= Wansbeck District Council elections =

Local government elections in Northumberland, England

Wansbeck District Council elections were generally held every four years between the council's creation in 1974 and its abolition in 2009. Wansbeck District was a non-metropolitan district in Northumberland, England.

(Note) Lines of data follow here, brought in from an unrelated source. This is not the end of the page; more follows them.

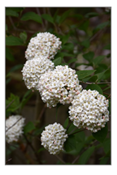
Fragrant Viburnum flowers

Fragrant Viburnum is recommended for the following landscape applications;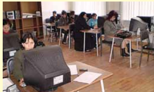
Verin Artashat Village School Computers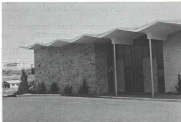
ARCHITECT — RALPH PHILLIPPI CONTRACTOR — KEALY CONSTRUCTION CO.

MORE BUILDINGS FEATURING CONCRETE CONSTRUCTION ARE BEING ERECTED. THE REASON IS THE LASTING BEAUTY AND VERSATILITY OF CONCRETE.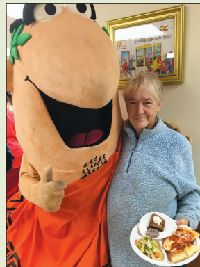
Little Caesar with a guest of the kitchen

Even corporations can participate in a revolution of the heart. Toward the end of last year, Little Caesars' Love Kitchen visited the soup kitchen and brought ninety freshly baked pizzas to guests of Emmaus and on another day, Kentucky Fried Chicken sent 250 warm, individually boxed meals. "Cooking is love made visible," someone wrote. Amen.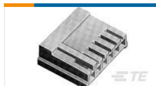
TE Part #171822-2 EIS REC. HSG 2P-NATURAL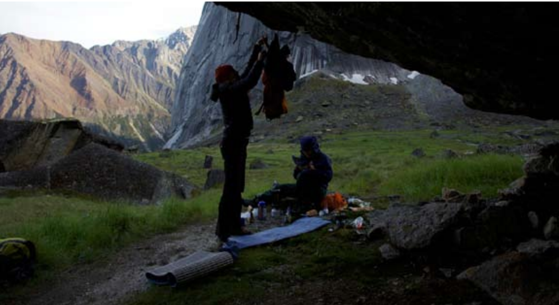
Camping under a boulder, hang your food and packs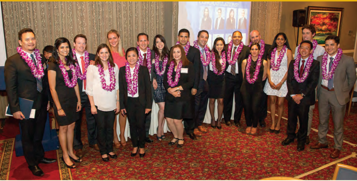
2014 Fellowship Graduates

Stein Eye offers a variety of options to those who may also wish to support our tradition of excellence and contribute during this season of giving. For more information on ways to donate, we invite you to contact our Development Office at (310) 206-6035 or giving@sei.ucla.edu .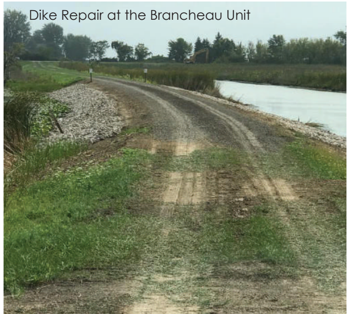
Dike Repair at the Brancheau Unit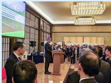
Opening remarks by Foreign Minister IWAYA

“Set among beautiful mountains and clear waters ~The Mountain Highland Resort NAGANO~”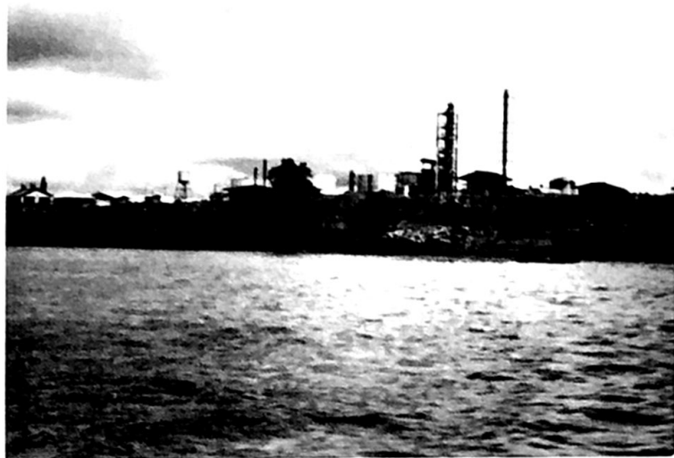
Gasoline refinery on the Amazon. Our missionaries travel this river often to get to their preaching points in Brazil and Peru.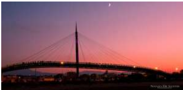
Pescara: ponte del mare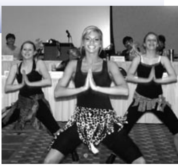
A dance troupe provided the banquet entertainment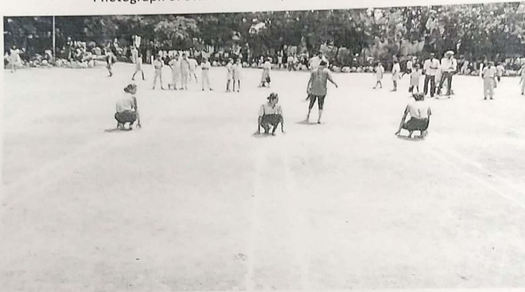
Photograph of Students Play Kho-Kho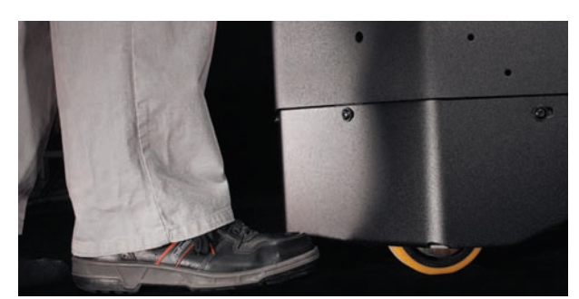
The P-series' low skirt protects the operator's feet without impeding access to ramps and gradients

All BT Levio trucks are built with the highest quality components. For example, all bushings on the LPE240 are constructed from bronze, with lubrication points, for a long and reliable life.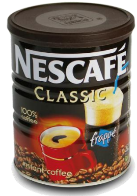
Nescafe Frappe 200g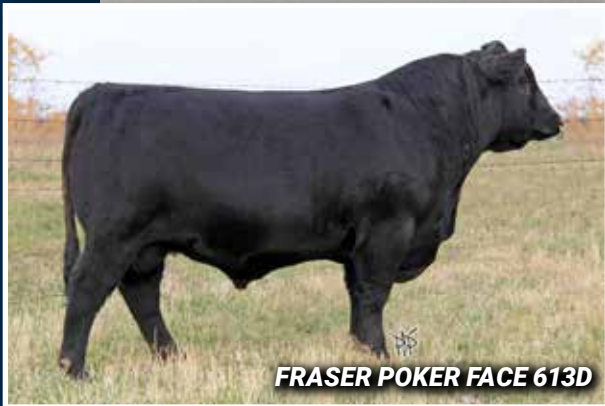
FRASER POKER FACE 613D

The council was abolished and its functions transferred to Northumberland County Council with effect from 1 April 2009.

==Political control==
The first election to the council was held in 1973, initially operating as a shadow authority before coming into its powers on 1 April 1974. Throughout the council's existence from 1974 to 2009, Labour held a majority of the seats on the council.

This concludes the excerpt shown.